Keeping the Skies Safe From Kleenex

I read this article about how the TSA is targeting complainers right before heading out to the airport.  Not that it made any difference (as you’ll see in a bit).  The line at Terminal C of IAH was interminable–35 minutes in mid-afternoon.  There weren’t that many people in line, but TSA had only 1 lane open and was making everyone go through the body scanner so the line moved at a glacial pace. In preparation for the scanner, I took off my watch, and removed my wallet, boarding pass, and plastic comb from my pockets (the last item having been identified as suspicious in one of my previous nude photo shoots).  I went through the machine, fingers touching over my head as instructed.  (Guess which ones.)  I get out of the scanner, and Officer Friendly says (I quote exactly): “I need to inspect your buttocks.”

Oh joy.

So he gropes, and says, “What’s in your back pocket?”  I thought I’d taken out everything, but I reached in and found a piece of Kleenix balled up at the very bottom.  I show the worthy public servant, who barks at me: “We told you to take EVERYTHING out of your pockets.”  I replied: “Sorry.  So relieved to know you are keeping the skies safe from the Kleenix threat.”  Apropos the article, that set me up for special treatment: the bomb swab.

I’m sure you’re shocked to learn that I passed.

What’s the point of having expensive technology that can provide precise, anatomically correct 3D images of your junk, but can’t identify a plastic comb–or a piece of facial tissues–as harmless?  Based on my myriad experiences in airport security lines, I estimate that the rate of false positives of body scanners at about 30 percent, meaning that about 1 out of 3 people require a grope down to uncover some innocuous thing that they inadvertently missed in their self-grope before entering the machine.  That’s just idiotic.
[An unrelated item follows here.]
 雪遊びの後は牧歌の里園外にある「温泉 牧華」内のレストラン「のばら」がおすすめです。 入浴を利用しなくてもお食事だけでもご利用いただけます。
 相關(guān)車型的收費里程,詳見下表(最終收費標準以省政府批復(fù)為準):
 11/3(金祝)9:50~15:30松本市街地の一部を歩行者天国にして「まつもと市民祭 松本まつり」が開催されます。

So, Obama is right when he says that through government we can do things we cannot do as well by ourselves.  Especially things involving incompetence, inanity, and insufferable attitudes.  But you better not mouth off about it lest you get attention from the Nurse Ratched wannabes.
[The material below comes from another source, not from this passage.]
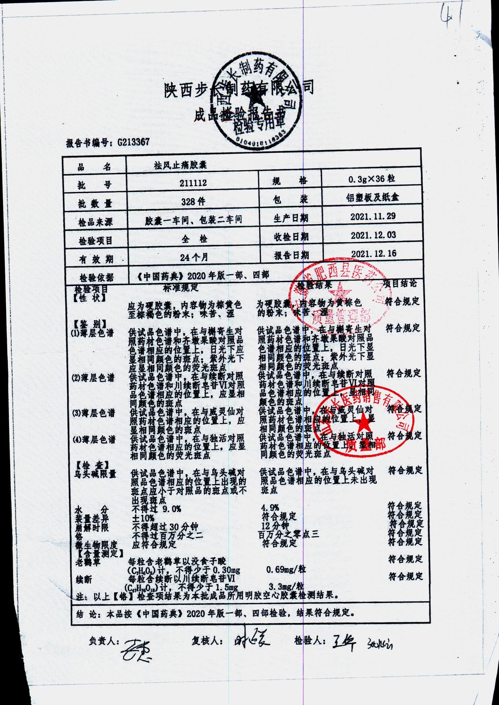 祛风止痛胶囊 | 0.3g*36粒 | 211112 | 查看详情 |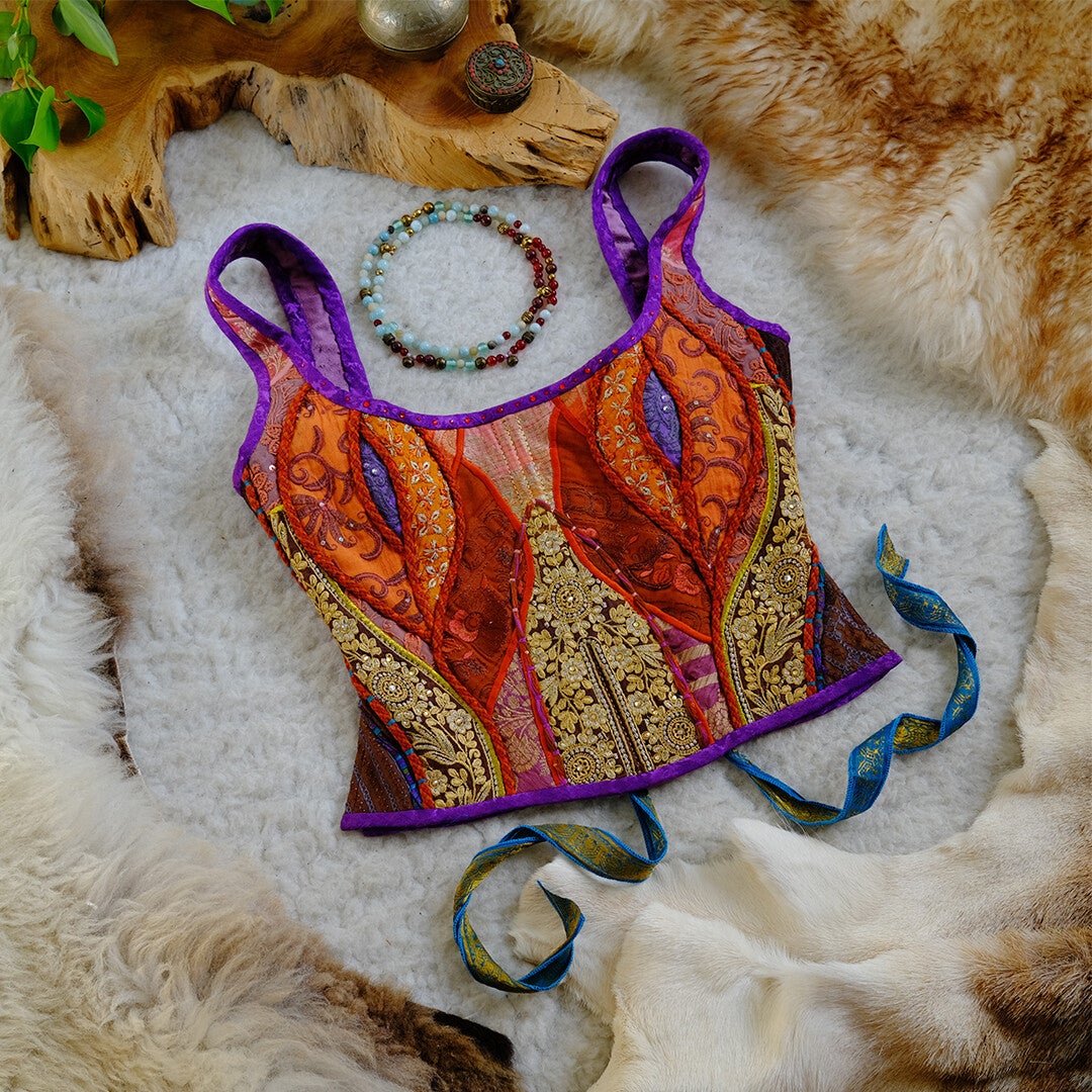 Vibrant, rich, and unapologetically alive — Ember Oracle is for those who divine their path through fire. Her panels ripple like flame in orange, crimson, and gold, edged in regal purple and finished with sapphire ribbon ties. Each brocade thread tells a story of ancient royalty, phoenixes, and sunlit temples. Wear her when you’re ready to be seen, truly and completely.

On this subject, Obama continued his full-throated defense of the need to spend more, More, MORE in a fundraising speech in Chicago.  Quoth Mr. Post-Partisan:

“Under their [the Republicans’] vision, we can’t invest in roads and bridges and broadband and high-speed rail,” Obama told a select group of the Democratic faithful at the second of three fundraising events in his hometown of Chicago.

“I mean, we would be a nation of potholes . . .”

He apparently said this without the slightest sense of irony, given that his speech was delivered in Chicago, City of the Big Potholes.  The city where it takes 10 Streets and Sanitation workers to fix a pothole: 1 to actually fill the hole with asphalt, the other 9 to lean on their shovels and rate his performance (that doesn’t include the guys sleeping in the truck).  The city where the only things that government fixes are elections and contracts.

Yeah.  We have to protect all that from the budgetary meat axe.  (The last being the standard political rhetoric referring to cuts that only a trained microsurgeon could make under high magnification with a laser.)

About Craig Pirrong 223 Articles

Affiliation: University of Houston

Dr Pirrong is Professor of Finance, and Energy Markets Director for the Global Energy Management Institute at the Bauer College of Business of the University of Houston. He was previously Watson Family Professor of Commodity and Financial Risk Management at Oklahoma State University, and a faculty member at the University of Michigan, the University of Chicago, and Washington University.

Professor Pirrong's research focuses on the organization of financial exchanges, derivatives clearing, competition between exchanges, commodity markets, derivatives market manipulation, the relation between market fundamentals and commodity price dynamics, and the implications of this relation for the pricing of commodity derivatives. He has published 30 articles in professional publications, is the author of three books, and has consulted widely, primarily on commodity and market manipulation-related issues.

He holds a Ph.D. in business economics from the University of Chicago.

Visit: Streetwise Professor

2 Comments on Keeping the Skies Safe From Kleenex

  1. Just curious. Why do you think it is ok for the government to look at your genitals? And the genitals and breasts of your children? And, at 1 out of 3 getting groping anyway, the strip search is obviously ineffective.

    The strip search scanners are not allowed by the police, yet it seems people are more than willing to submit to a Gestapo-like inspection.

  2. The “false positive” rate is actually much, much higher than 33%. It is calculated by dividing the number of false hits by the number of hits, i.e., what fraction of the 33% who got groped after “something suspicious” showed up on a scan did not have anything dangerous on them. I bet the actual false positive number is somewhere north of 99.9%.

    A medical test that had a false positive rate like this (if 99.9% of the people told a test said they might have cancer actually didn’t) would be declared useless.